Author James H. Johnston spoke at Claymont Court Mansion this past weekend. Claymont is one of a number of Washington family homes around Charles Town, WV. Johnston joined Walter Washington and Betsy Wells (Washington’s descendants) as part of an effort to educate and inform people of the rich history in Jefferson Country, West Virginia.

While Walter and Betsy highlighted the family history of the Washingtons in the area, Jim Johnston took a slightly different approach.

Betsy Washington Wells

Jim spoke about the Bealls, a prominent family in the area. The Beall family owned Yarrow Mamout, a slave that is the subject of Jim’s forthcoming book From Slave Ship to Harvard: Yarrow Mamout and the History of an African American Family.

Through this historical account, Jim has reconstructed a unique narrative of black struggle and achievement from paintings, photographs, books, diaries, court records, legal documents, and oral histories. From Slave Ship to Harvard traces the family from the colonial period and the American Revolution through the Civil War to Harvard and finally today.

Walter Washington

Yarrow Mamout, the first of the family in America, was an educated Muslim from Guinea. He was brought to Maryland on the slave ship Elijah and gained his freedom forty-four years later.
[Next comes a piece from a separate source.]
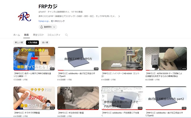 1万回視聴御礼「段ボール椅子にFRPの樹脂を塗ったら最強!?」動画 2024 2/01 お知らせ 2024年2月1日 当社You Tubeチャンネル「段ボール椅子にFRPの樹脂を塗ったら最強!?」動画が先日1万回視聴突破しました。 今後も皆様に御覧いただける動画を配信させていただきます。 こちらの動画もよく御覧いただいています。 「チクチク対策動画」 お知らせ #frp #YouTube #技術相談 #設計 よかったらシェアしてね! URLをコピーしました! URLをコピーしました! R&Dセンター ビジョン You Tubeチャンネル solidworks-曲げ加工板金の作り方part1 この記事を書いた人 FRPkaji.R&Dcenter 関連記事 R&DセンターWEBサイト リニューアル 2026年3月31日 材料試験・受託試験の前に必須「評価計画(計画書)」ページを公開しました 2026年2月21日 FRP劣化診断のご相談について(お問い合わせフォーム/お電話の受付案内) 2026年2月12日 R&Dセンター 2026年の目標 2026年1月1日 FRPカジ公式YouTubeでショート動画配信スタート! 2025年12月16日 【新連載】若手が学ぶ!FRPカジの技術レポート徹底解説(11月スタート) 2025年10月31日 微細ガラス繊維に要注意、身近な“FRP”でも安全第一 2025年9月29日 FRPリサイクル事業についてかながわ経済新聞にて掲載 2025年8月15日

By then, Yarrow had become so well known in the Georgetown section of Washington, D.C., that he attracted the attention of the eminent American portrait painter Charles Willson Peale, who captured Yarrow’s visage in one of his paintings.

Recently, the portrait of Yarrow Mamout has been sold by the Philadelphia History Museum at the Atwater Kent to the Philadelphia Museum of Art, showing the continual impact that the past is continually brought into the present. The era of the Washingtons, Bealls, and Mamouts continues to stay with us.